I posted this question a while back and it is working great for finding and 'linkifying' links from user generated posts. Linkify Regex Function PHP Daring Fireball Method
<?php
if (!function_exists("html")) {
function html($string){
return htmlspecialchars($string, ENT_QUOTES, 'UTF-8');
}
}
if ( false === function_exists('linkify') ):
function linkify($str) {
$pattern = '(?xi)\b((?:(http)s?://|www\d{0,3}[.]|[a-z0-9.\-]+[.][a-z]{2,4}/)(?:[^\s()<>]+|\(([^\s()<>]+|(\([^\s()<>]+\)))*\))+(?:\(([^\s()<>]+|(\([^\s()<>]+\)))*\)|[^\s`!()\[\]{};:\'".,<>?«»“”‘’]))';
return preg_replace_callback("#$pattern#i", function($matches) {
$input = $matches[0];
$url = $matches[2] == 'http' ? $input : "http://$input";
return '<a href="' . $url . '" rel="nofollow" target="_blank">' . "$input</a>";
}, $str);
}
endif;
echo "<div>" . linkify(html($row_rsgetpost['userinput'])) . "</div>";
?>
I am concerned that I may be introducing a security risk by inserting user generated content into a link. I am already escaping user content coming from my database with htmlspecialchars($string, ENT_QUOTES, 'UTF-8')
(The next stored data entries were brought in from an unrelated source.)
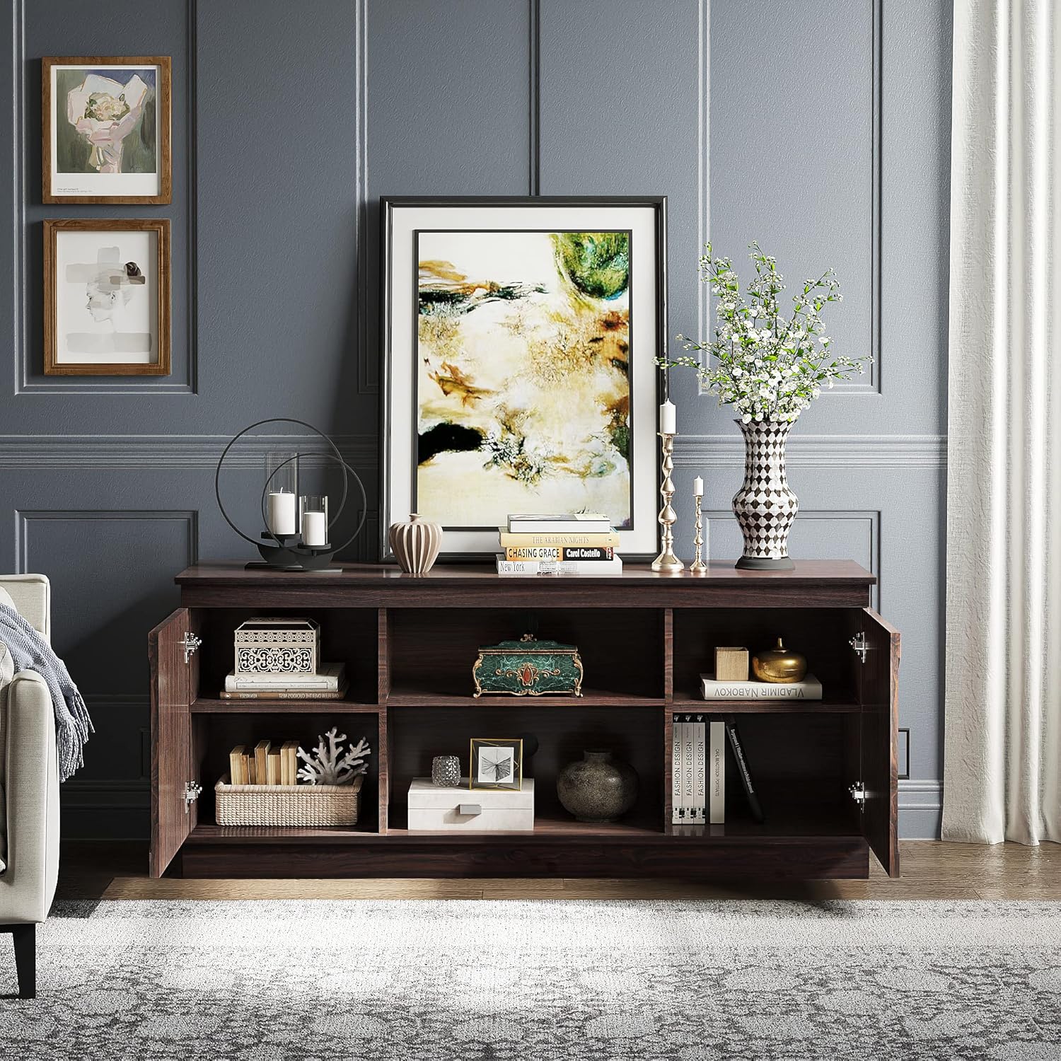 Ample Storage Space: This rustic entertainment center features a spacious tabletop, half open and closed compartments, offering you ample space to display daily items or hide items you don't want to see. Not only can it be used as a TV stand, but also can be used as a sideboard, storage cabinet, display cabinet, pantry, wine bar cabinet, etc.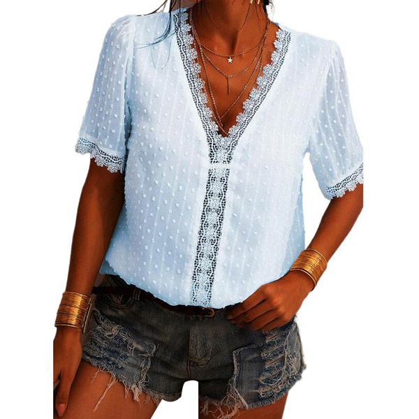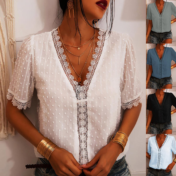 Combines of stylish and flirty vibes,this wonderful top is a good way to help you catch more eyes. Solid color style,the v-neck and lace spliced details can help enhance your feminine appeal. Meanwhile,its soft and breathable fabric can give you a comfortable day. You can match with a tight pants to start your wonderful day!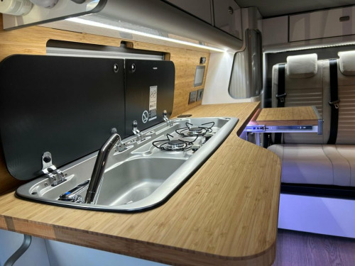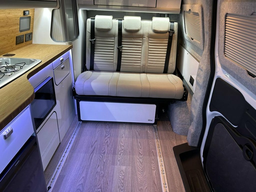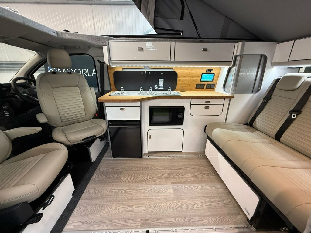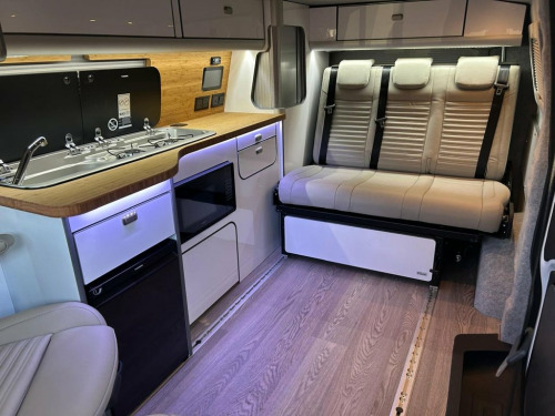Welcome to the ALL-NEW VW Transporter (also know as the T7). This is the BRAND NEW version of this iconic camper with over 75 years of pedigree. We have these in stock now, and more vans available to redesign to your preferred specification. These vans come with 5 YEAR warranty and 5 YEAR servicing included. We also offer a 5 YEAR warranty on the interior campervan conversion (Ts and Cs apply). The standard spec on all our new Transporters is as follows: CAMPER SPEC: • Three-seater rear seat on sliding rails, bringing your passengers closer to you, giving you a huge amount of boot space. • Solar panel • Night heater • Rear shower • Microwave • Gas hob • Sink with running water • Electric 240v hookup • 12v leisure battery • Isofix on rear seats • 4 berth with sprung bed platform up top • Scenic roof (opens up completely) • Integrated table • Van Shades Window Blinds • USBs • Wireless phone charger • LED lighting • 50L fridge with freezer compartment VAN SPEC: • Rear speakers • DAB • Car play • Keyless start • AC • Bluetooth • Touchscreen • Cruise Control • Multifunction Steering Wheel • Keyless Start • Parking sensors • Electrically adjustable door mirrors • Front electric windows ALSO ON THIS CAMPER: • Rear camera • Heated rear screen, • Heated front screen, • 20" Velare wheels (change to ano 13in Digital Drivers Display, 13in Touchscreen Infotaintment Display w, 16in Steel Wheels - 6.5J, 2 LED Lights in Roof of Load Compartment, 2 x 15-W USB-C Data and Charging Ports i, 2-Seater Bench and Single Drivers Seat i, 2-Seater Bench with Load-Through System , 4 Speakers - x2 in Dashboard - x2 in Cab, 4-Way Head Restraints - Adjustable in He, 5 Plus Promise, 55L Fuel Tank, 5G Modem, 6-Way Adjustable Driver Seat, AGM Vehicle Battery and 2nd Battery - Un, Air Conditioning System with Manual Cont, Alternator - 230A, Anti-Theft Alarm System with Interior Mo, Black Plastic Scuff Plate for Sliding Do, Black Plastic Scuff Plate in Front, Body-Coloured Add-On Parts and Body-Colo, Body-Coloured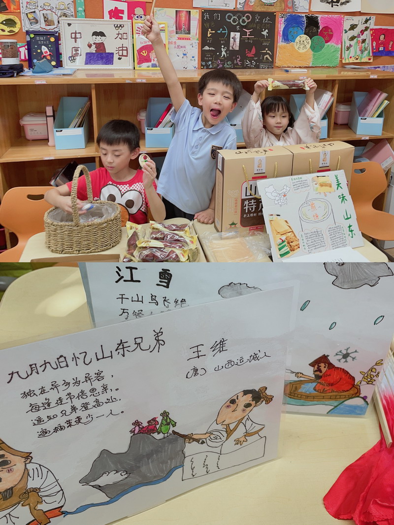 瞧,“山西博物馆”陈列着精美的晋侯鸟尊、兽形觥、山西陈醋、刀削面、山西鼓……琳琅满目,还有一位可爱的山西大同“挖煤小工人”正在教大家山西剪纸呢!最后,一曲慷慨激昂的山东鼓更是赢得了阵阵掌声!

before running it through the linkify function and echoing back to the page, but I've read on OWASP that link attributes need to be treated specially to mitigate XSS. I am thinking this function is ok since it places the user-generated content inside double quotes and has already been escaped with htmlspecialchars($string, ENT_QUOTES, 'UTF-8')
, but would really appreciate someone with xss expertise to confirm this. Thanks!